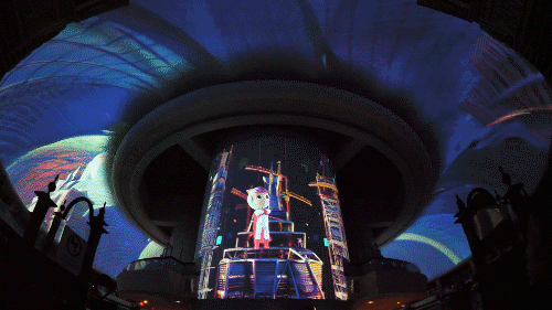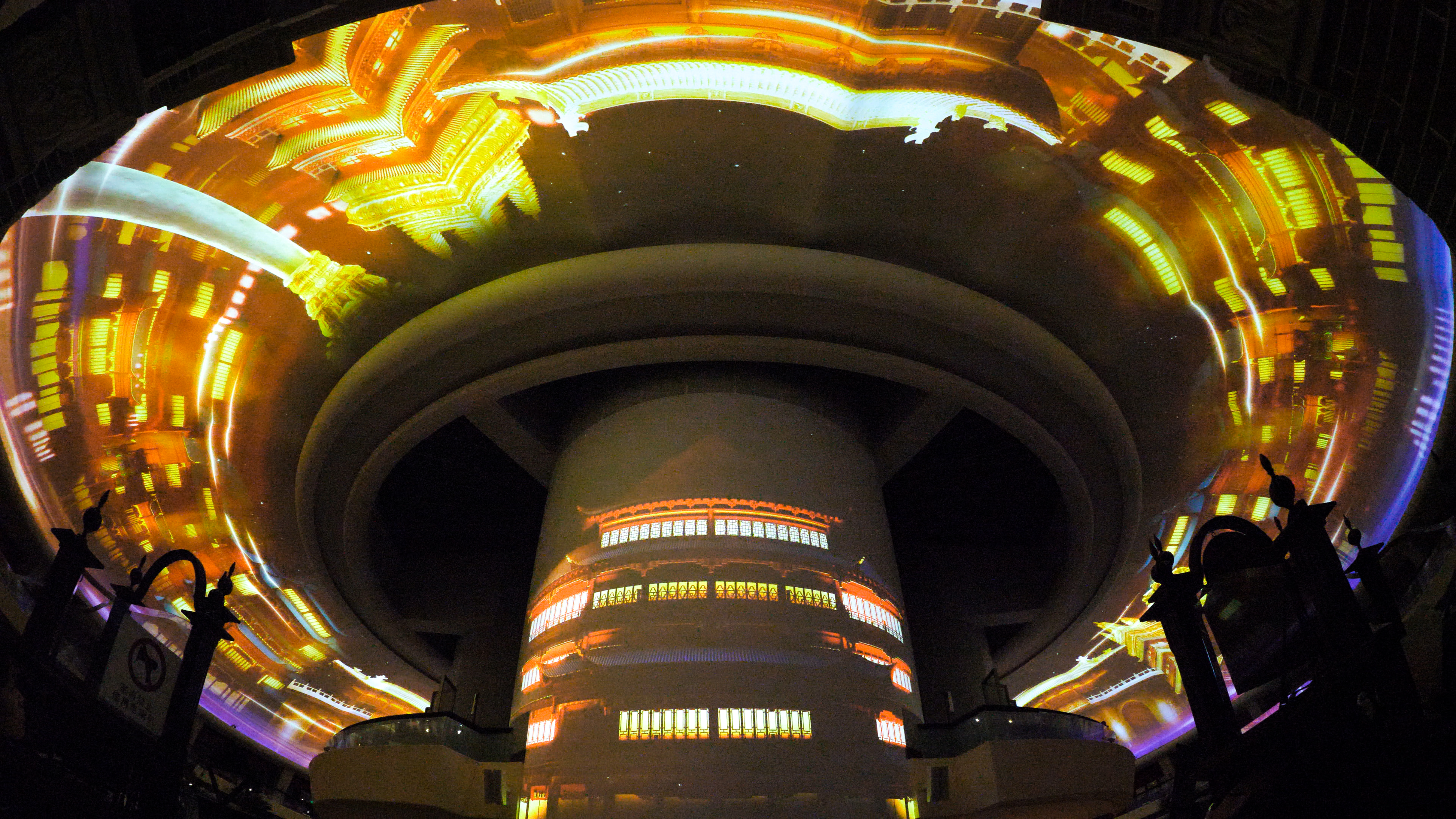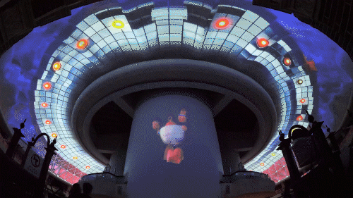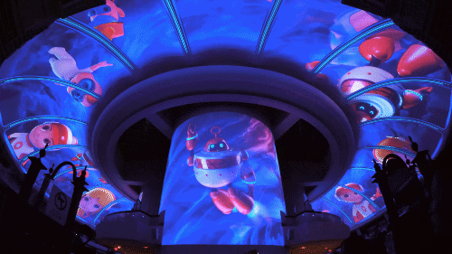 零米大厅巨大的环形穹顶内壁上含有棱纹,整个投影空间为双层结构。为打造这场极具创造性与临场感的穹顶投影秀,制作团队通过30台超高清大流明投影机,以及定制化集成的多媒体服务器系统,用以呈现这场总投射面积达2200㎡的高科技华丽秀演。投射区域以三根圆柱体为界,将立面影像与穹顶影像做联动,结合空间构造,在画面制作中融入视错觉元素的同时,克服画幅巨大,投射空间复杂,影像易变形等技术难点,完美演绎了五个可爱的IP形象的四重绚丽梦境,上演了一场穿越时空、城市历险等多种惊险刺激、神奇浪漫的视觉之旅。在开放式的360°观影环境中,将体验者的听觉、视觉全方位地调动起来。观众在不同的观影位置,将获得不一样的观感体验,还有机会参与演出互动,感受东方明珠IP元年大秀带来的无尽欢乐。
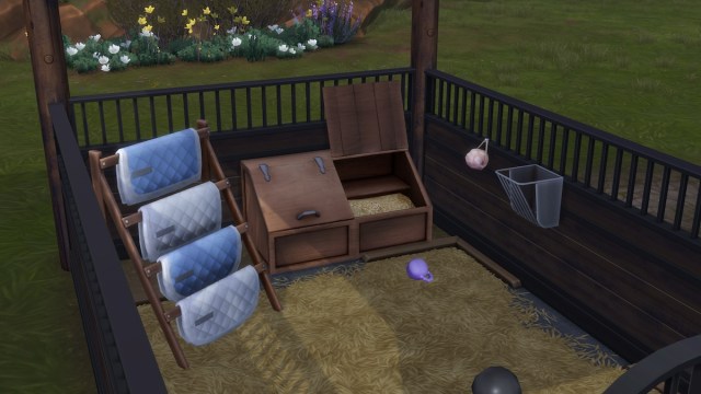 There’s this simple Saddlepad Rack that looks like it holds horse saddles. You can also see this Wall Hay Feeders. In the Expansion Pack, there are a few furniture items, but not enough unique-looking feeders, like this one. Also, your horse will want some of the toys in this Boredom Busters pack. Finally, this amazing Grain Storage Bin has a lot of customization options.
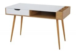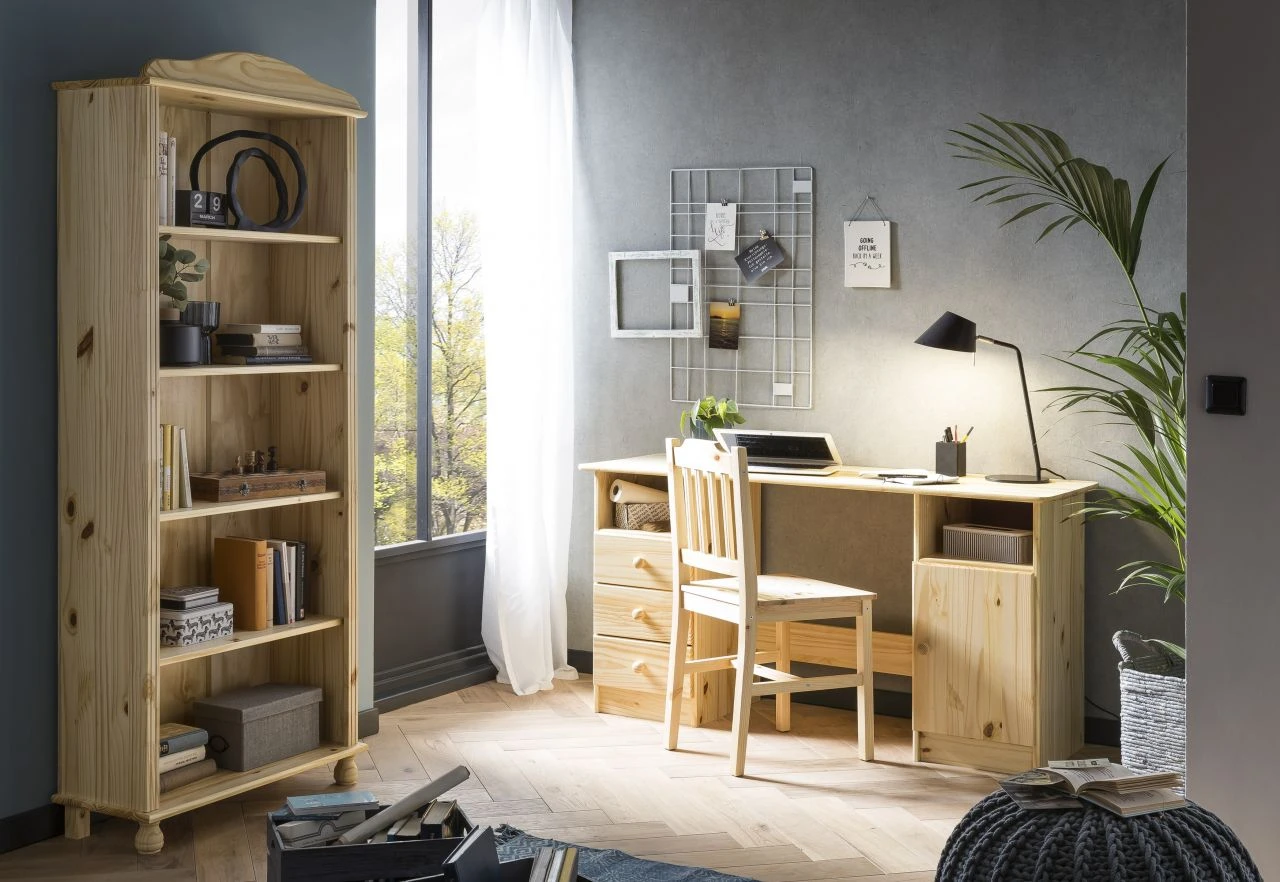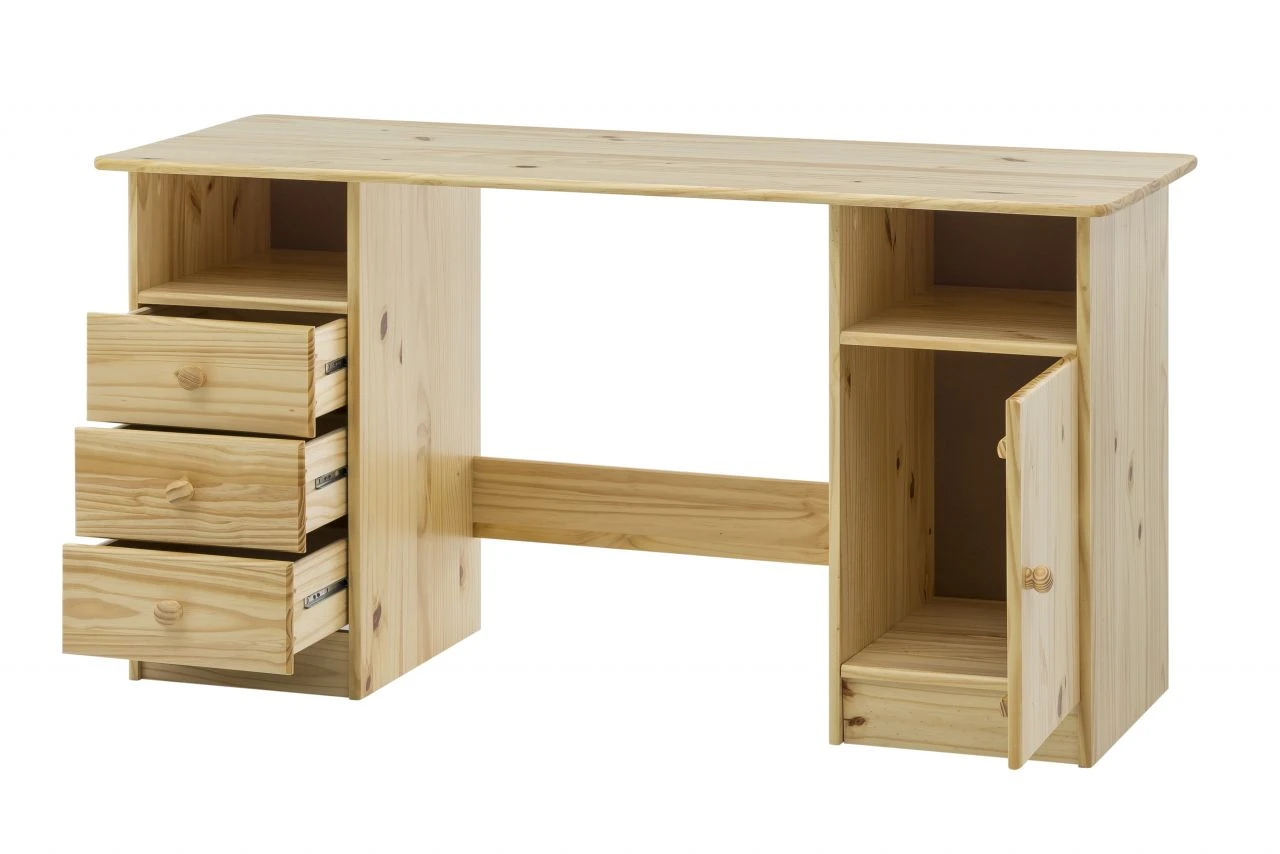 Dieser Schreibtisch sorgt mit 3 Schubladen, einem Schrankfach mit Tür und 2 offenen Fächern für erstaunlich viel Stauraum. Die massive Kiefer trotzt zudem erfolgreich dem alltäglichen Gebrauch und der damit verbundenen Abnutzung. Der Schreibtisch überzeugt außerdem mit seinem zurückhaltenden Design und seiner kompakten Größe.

+++

Task statement:
Copy every line above exactly, leaving no picture in the copy.

Written answer:
 零米大厅巨大的环形穹顶内壁上含有棱纹,整个投影空间为双层结构。为打造这场极具创造性与临场感的穹顶投影秀,制作团队通过30台超高清大流明投影机,以及定制化集成的多媒体服务器系统,用以呈现这场总投射面积达2200㎡的高科技华丽秀演。投射区域以三根圆柱体为界,将立面影像与穹顶影像做联动,结合空间构造,在画面制作中融入视错觉元素的同时,克服画幅巨大,投射空间复杂,影像易变形等技术难点,完美演绎了五个可爱的IP形象的四重绚丽梦境,上演了一场穿越时空、城市历险等多种惊险刺激、神奇浪漫的视觉之旅。在开放式的360°观影环境中,将体验者的听觉、视觉全方位地调动起来。观众在不同的观影位置,将获得不一样的观感体验,还有机会参与演出互动,感受东方明珠IP元年大秀带来的无尽欢乐。
 There’s this simple Saddlepad Rack that looks like it holds horse saddles. You can also see this Wall Hay Feeders. In the Expansion Pack, there are a few furniture items, but not enough unique-looking feeders, like this one. Also, your horse will want some of the toys in this Boredom Busters pack. Finally, this amazing Grain Storage Bin has a lot of customization options.
 Dieser Schreibtisch sorgt mit 3 Schubladen, einem Schrankfach mit Tür und 2 offenen Fächern für erstaunlich viel Stauraum. Die massive Kiefer trotzt zudem erfolgreich dem alltäglichen Gebrauch und der damit verbundenen Abnutzung. Der Schreibtisch überzeugt außerdem mit seinem zurückhaltenden Design und seiner kompakten Größe.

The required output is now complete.